For the first time ever, biomedical researchers have unveiled cellular defects that lead to the rare disease hereditary angioedema (HAE), where patients experience recurrent episodes of swelling that requires immediate treatment. This new understanding is an important step towards gene therapy for patients.
An upper arm that swells to twice its normal size. A stomach that inexplicably swells up causing colic pain, vomiting or diarrhea. Or a life-threatening variant with severe swelling of the face, lips, tongue and larynx, bringing the risk of obstructed airways and death by suffocation.
This is how the mysterious and rare disease hereditary angioedema -- a hereditary form of acute swelling -- appears. The swelling happens because the patients lack a specific protein substance in their blood -- called C1-inhibitor -- which causes the blood vessels to leak fluid. When an attack that can happen daily, weekly or monthly occurs, patients must be quickly given the correct medicine, though they still face a dangerous and irksome way of life. Now, more than a half century after the first molecular details of the disease were described, there is pivotal new knowledge about the disease's biology:
"We have succeeded in identifying what takes place in the liver cells which produce the protein that the patients lack. This is the crucial first step towards having the ability to treat these patients with gene therapy, which is the interesting long-term perspective of our study," says Professor Jacob Giehm Mikkelsen from the Department of Biomedicine at Aarhus University, Denmark.

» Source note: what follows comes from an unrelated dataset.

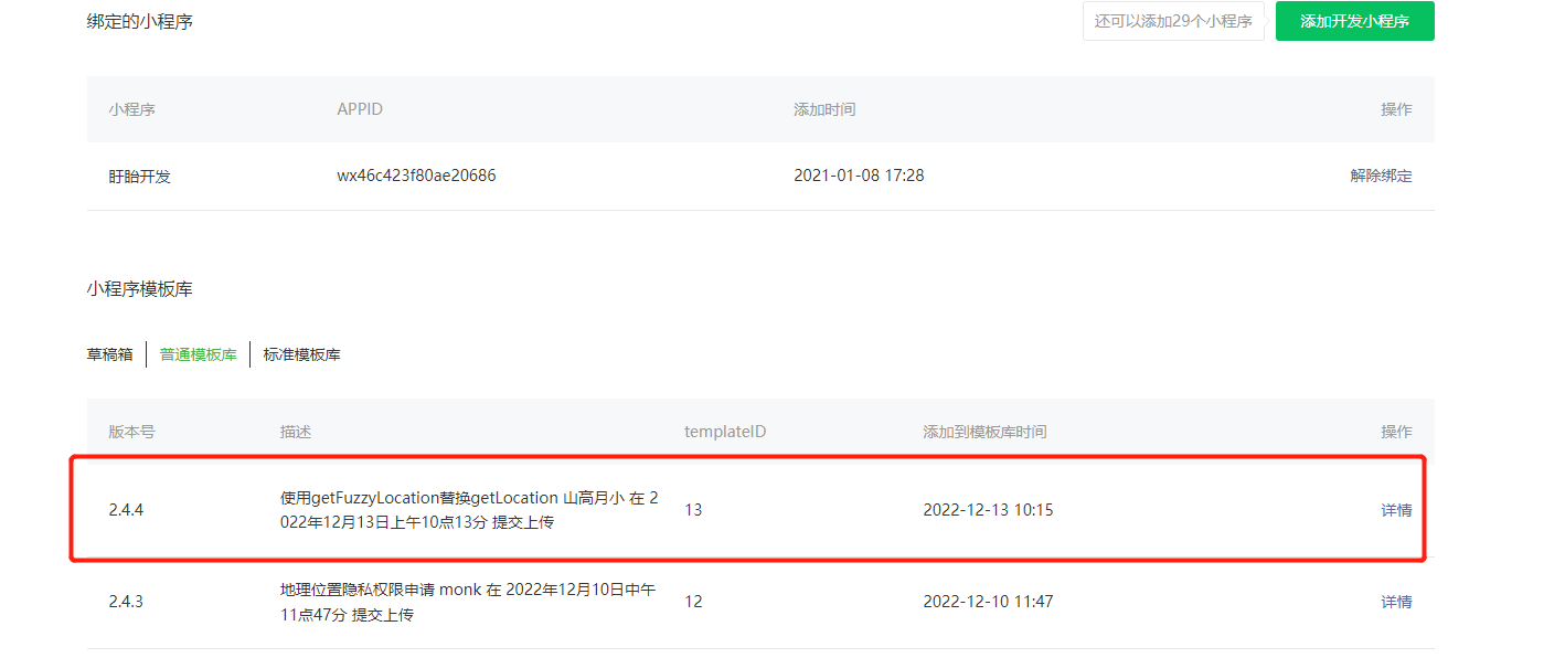 目前小程序代码已经成功发布到开放平台的“普通模板库”,如下图所示

The research project documents that the hereditary genetic mutations which the patients have from one of their parents -- and which express the C1-inhibitor protein -- have a negative effect on the healthy gene from the other parent. Or, as it is put in the research article, which has just been published in JCI, the Journal of Clinical Investigation: Dominant negative SERPING1 variants cause intracellular retention of C1-inhibitor in hereditary angioedema.
"One of the mysteries about this disease has been the question of why the patients produce so little of the protein," says MSc Didde Haslund, who is a PhD student and the article's first author.
"Because with two hereditary genes -- a defect from one of the parents and a normal one from the other -- you would think that the production will be around half the normal dose. Yet these patients produce only 10-20 per cent of a normal level. But now we have, for the first time, an explanation at cellular level and this is crucial for the continuing work on gene therapy as a future treatment option," she says.
One of the difficulties related to the disease is that it only affects 1 in 10,000-50,000 people. This corresponds to fewer than 330 people in the whole of Scandinavia being diagnosed, which in turn has the unfortunate consequence that medical doctors regularly mistake it for allergy, even though allergy medicine has no effect in the event of an attack.
"The diagnosis is made with a blood test that measures the concentration and function of C1-inhibitor in the blood. However, this requires that the medical doctor is aware of the disease," says Jacob Giehm Mikkelsen as he directs attention to a thought-provoking aspect of researching a rare disease.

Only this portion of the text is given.